Everything from the line containing "Simplamo is a" to the last line of the material below must be retyped exactly, both ends included; skip the pictures.

Data segment:
===
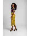 Mono Corto Lolina SUMMER TIME. Mono corto negro totalmente estampado de motivos veraniegos. En tejido fluído. Combina en cuello, zona de botones y bolsillo delantero y trasero tela en amimal print amarilla. Bolsillos funcionales. Cuerpo ancho y pernera ancha.
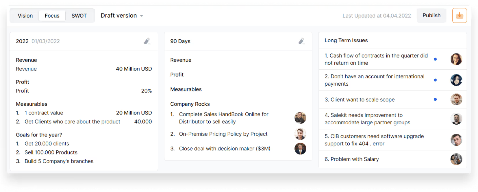Simplamo is a user-friendly powerhouse that effortlessly integrates renowned management models like EOS, BSC, OKR, and KPI, ensuring both ease of use and seamless implementation. This software not only tackles the big picture of our company but also ensures a smooth transition from visionary goals to actionable results. The benefits are profound: Team connection, Goal ownership, healthy and transparent Culture. Review collected by and hosted on G2.com.
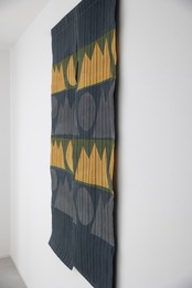 この色合いはとても珍しくインパクトのある一枚です。山と月と太陽が並ぶ洗練されたデザイン、山内武志さんの型染めによる「山月日」
===
Solution to this exercise:
Simplamo is a user-friendly powerhouse that effortlessly integrates renowned management models like EOS, BSC, OKR, and KPI, ensuring both ease of use and seamless implementation. This software not only tackles the big picture of our company but also ensures a smooth transition from visionary goals to actionable results. The benefits are profound: Team connection, Goal ownership, healthy and transparent Culture. Review collected by and hosted on G2.com.
 この色合いはとても珍しくインパクトのある一枚です。山と月と太陽が並ぶ洗練されたデザイン、山内武志さんの型染めによる「山月日」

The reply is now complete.